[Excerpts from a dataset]
***

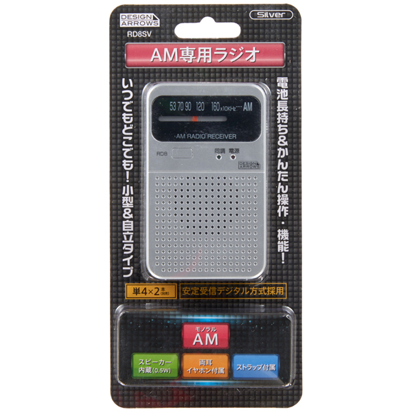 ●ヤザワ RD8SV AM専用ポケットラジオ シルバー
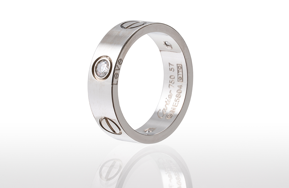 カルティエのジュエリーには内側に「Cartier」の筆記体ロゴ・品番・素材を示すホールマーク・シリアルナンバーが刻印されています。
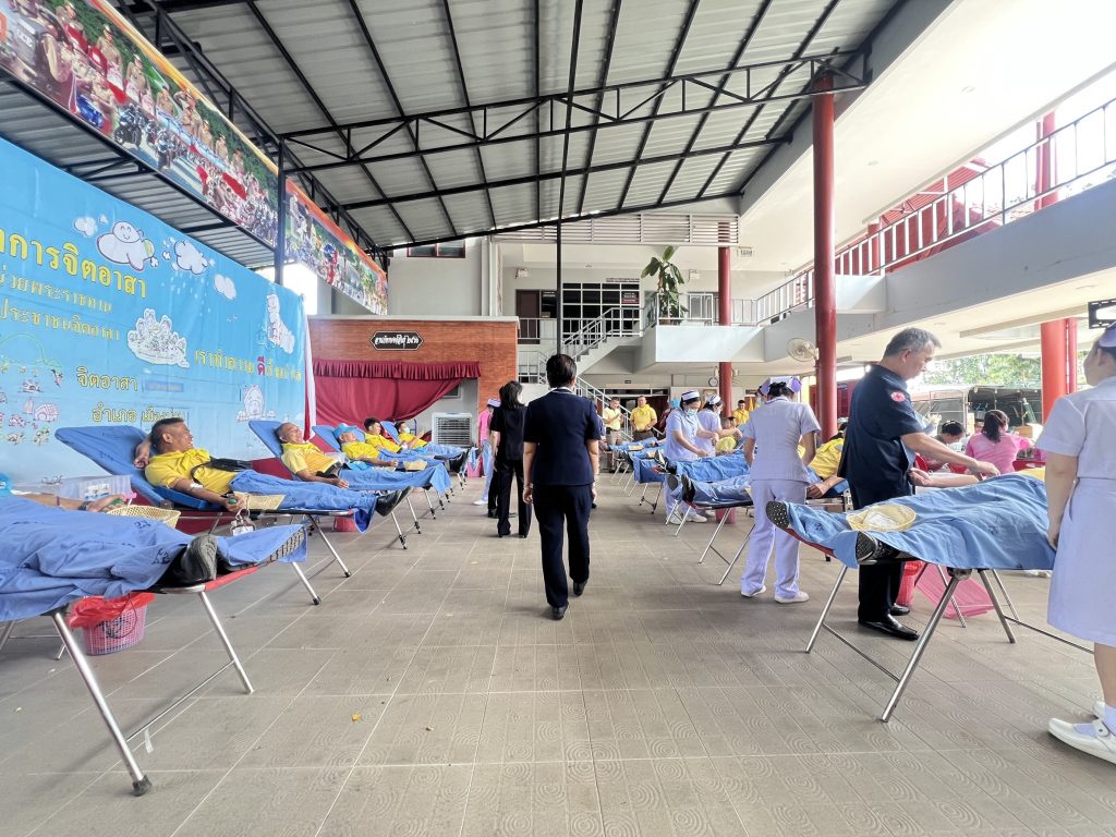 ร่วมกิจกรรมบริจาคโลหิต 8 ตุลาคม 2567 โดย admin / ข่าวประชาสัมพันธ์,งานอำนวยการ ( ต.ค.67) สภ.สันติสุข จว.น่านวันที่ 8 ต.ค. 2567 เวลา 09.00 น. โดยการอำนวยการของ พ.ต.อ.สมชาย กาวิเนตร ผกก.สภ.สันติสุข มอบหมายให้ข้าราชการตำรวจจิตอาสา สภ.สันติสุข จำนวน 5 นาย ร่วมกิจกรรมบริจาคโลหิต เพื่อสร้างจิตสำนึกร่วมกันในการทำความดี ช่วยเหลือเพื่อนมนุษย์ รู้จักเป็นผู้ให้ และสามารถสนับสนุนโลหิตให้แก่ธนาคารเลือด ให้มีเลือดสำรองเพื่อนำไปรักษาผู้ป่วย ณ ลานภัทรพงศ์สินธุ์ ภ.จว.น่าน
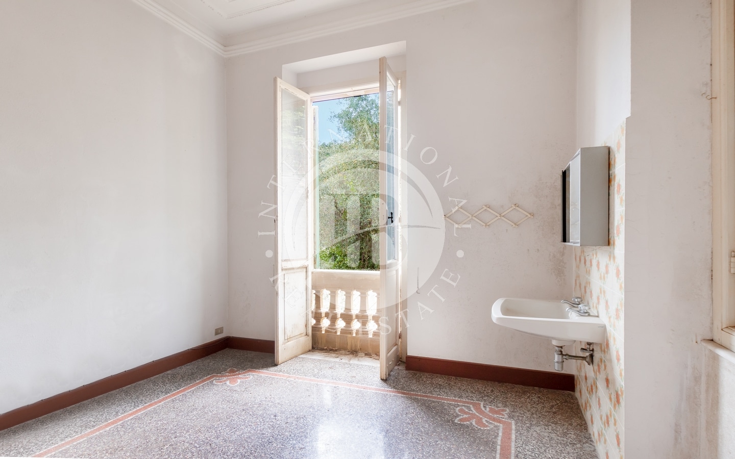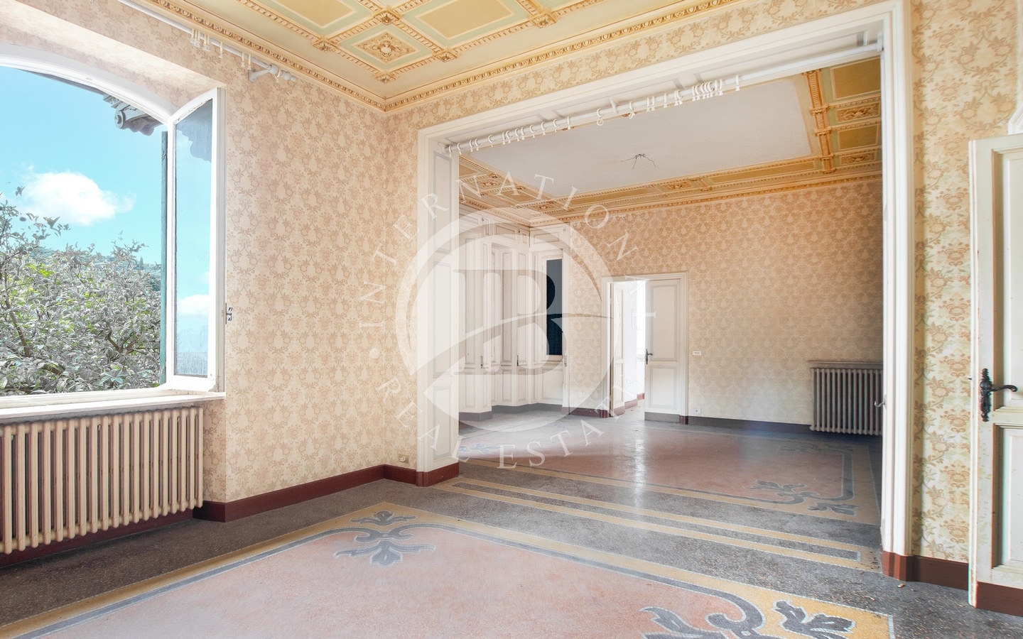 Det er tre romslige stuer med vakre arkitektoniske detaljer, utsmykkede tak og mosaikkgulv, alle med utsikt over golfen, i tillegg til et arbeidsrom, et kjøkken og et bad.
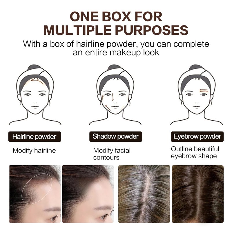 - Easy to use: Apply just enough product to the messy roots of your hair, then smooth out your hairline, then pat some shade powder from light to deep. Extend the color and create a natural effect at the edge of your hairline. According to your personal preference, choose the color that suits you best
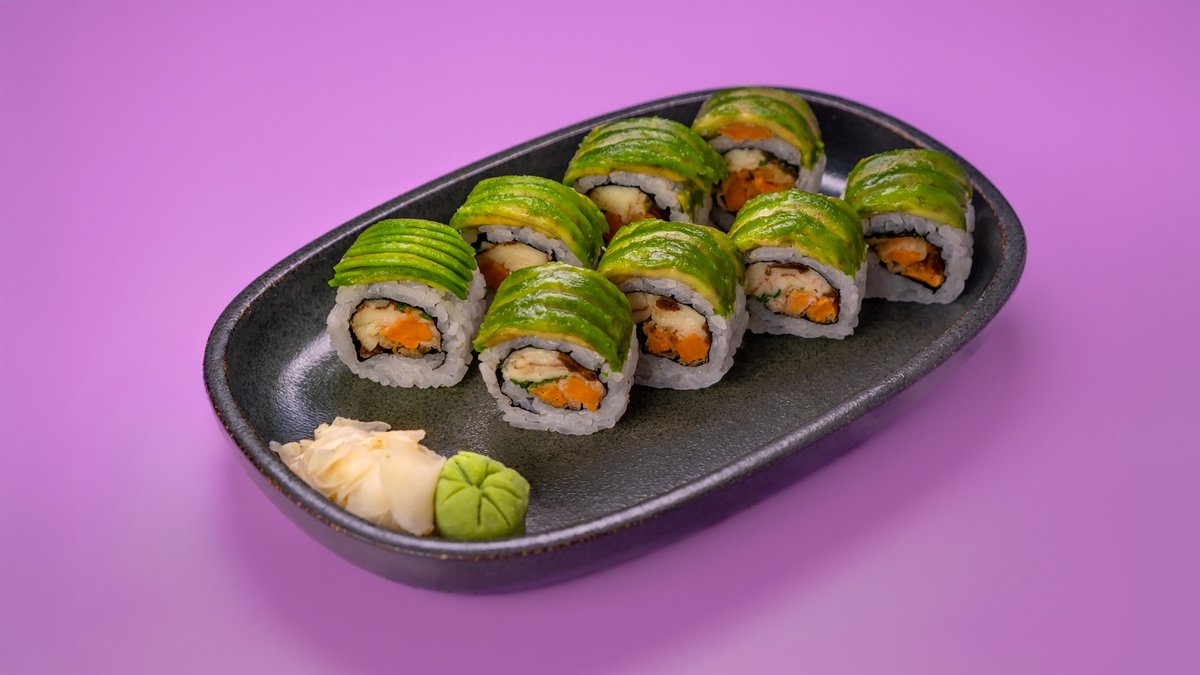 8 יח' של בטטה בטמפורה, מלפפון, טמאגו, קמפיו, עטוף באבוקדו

***

Give back the full data exactly as it reads, but drop the pictures.

* **Reply**
 ●ヤザワ RD8SV AM専用ポケットラジオ シルバー
 カルティエのジュエリーには内側に「Cartier」の筆記体ロゴ・品番・素材を示すホールマーク・シリアルナンバーが刻印されています。
 ร่วมกิจกรรมบริจาคโลหิต 8 ตุลาคม 2567 โดย admin / ข่าวประชาสัมพันธ์,งานอำนวยการ ( ต.ค.67) สภ.สันติสุข จว.น่านวันที่ 8 ต.ค. 2567 เวลา 09.00 น. โดยการอำนวยการของ พ.ต.อ.สมชาย กาวิเนตร ผกก.สภ.สันติสุข มอบหมายให้ข้าราชการตำรวจจิตอาสา สภ.สันติสุข จำนวน 5 นาย ร่วมกิจกรรมบริจาคโลหิต เพื่อสร้างจิตสำนึกร่วมกันในการทำความดี ช่วยเหลือเพื่อนมนุษย์ รู้จักเป็นผู้ให้ และสามารถสนับสนุนโลหิตให้แก่ธนาคารเลือด ให้มีเลือดสำรองเพื่อนำไปรักษาผู้ป่วย ณ ลานภัทรพงศ์สินธุ์ ภ.จว.น่าน
 Det er tre romslige stuer med vakre arkitektoniske detaljer, utsmykkede tak og mosaikkgulv, alle med utsikt over golfen, i tillegg til et arbeidsrom, et kjøkken og et bad.
 - Easy to use: Apply just enough product to the messy roots of your hair, then smooth out your hairline, then pat some shade powder from light to deep. Extend the color and create a natural effect at the edge of your hairline. According to your personal preference, choose the color that suits you best
 8 יח' של בטטה בטמפורה, מלפפון, טמאגו, קמפיו, עטוף באבוקדו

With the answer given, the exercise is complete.